Exercise data:
• • • •

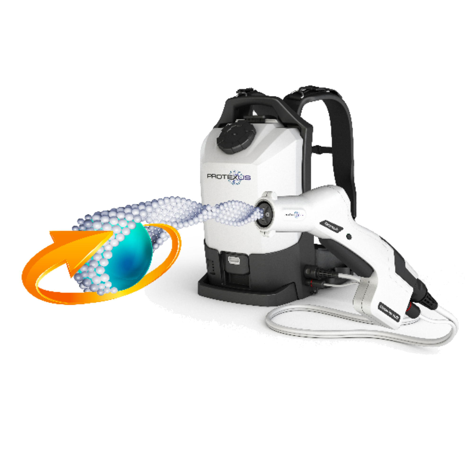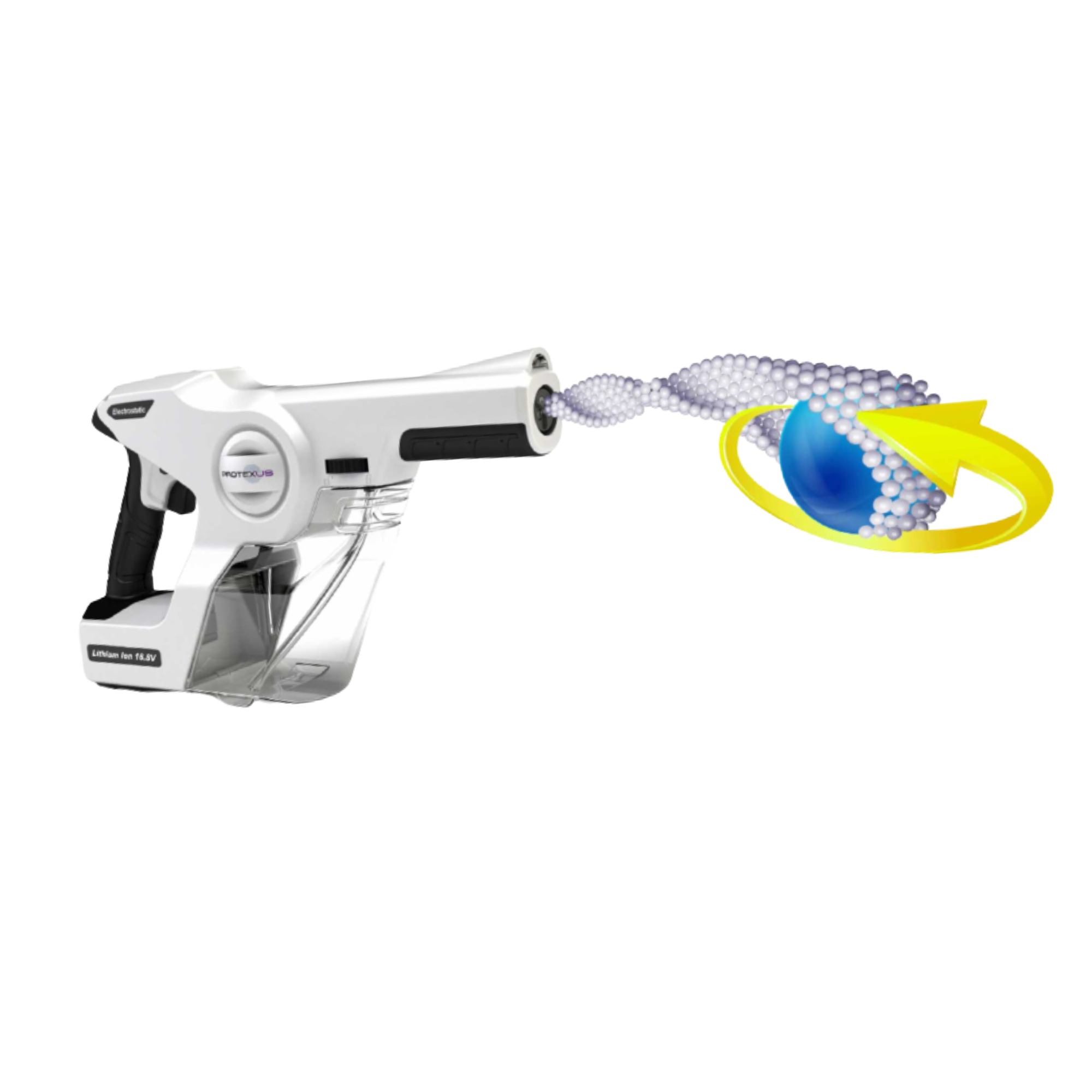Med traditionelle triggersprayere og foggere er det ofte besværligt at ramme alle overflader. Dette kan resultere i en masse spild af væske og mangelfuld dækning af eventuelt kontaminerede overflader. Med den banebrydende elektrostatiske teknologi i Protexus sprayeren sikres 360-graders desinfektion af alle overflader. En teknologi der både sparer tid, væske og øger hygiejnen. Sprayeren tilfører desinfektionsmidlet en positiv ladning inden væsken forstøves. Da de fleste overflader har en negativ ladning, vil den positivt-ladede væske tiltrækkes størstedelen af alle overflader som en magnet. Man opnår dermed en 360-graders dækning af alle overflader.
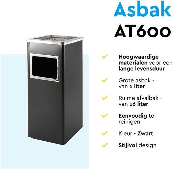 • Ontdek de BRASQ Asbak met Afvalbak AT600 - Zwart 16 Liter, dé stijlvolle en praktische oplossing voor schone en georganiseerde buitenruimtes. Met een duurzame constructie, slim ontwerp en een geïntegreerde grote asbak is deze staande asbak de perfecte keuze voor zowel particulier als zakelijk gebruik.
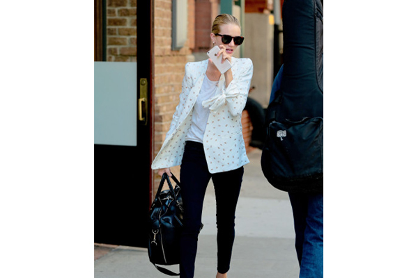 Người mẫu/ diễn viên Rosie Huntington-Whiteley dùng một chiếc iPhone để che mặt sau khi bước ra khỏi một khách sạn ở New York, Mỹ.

• • • •

What the exercise asks: With pictures omitted, copy exactly the lines from the one containing "als zakelijk gebruik." through the final line of the listing, both included.

Expected output:
 • Ontdek de BRASQ Asbak met Afvalbak AT600 - Zwart 16 Liter, dé stijlvolle en praktische oplossing voor schone en georganiseerde buitenruimtes. Met een duurzame constructie, slim ontwerp en een geïntegreerde grote asbak is deze staande asbak de perfecte keuze voor zowel particulier als zakelijk gebruik.
 Người mẫu/ diễn viên Rosie Huntington-Whiteley dùng một chiếc iPhone để che mặt sau khi bước ra khỏi một khách sạn ở New York, Mỹ.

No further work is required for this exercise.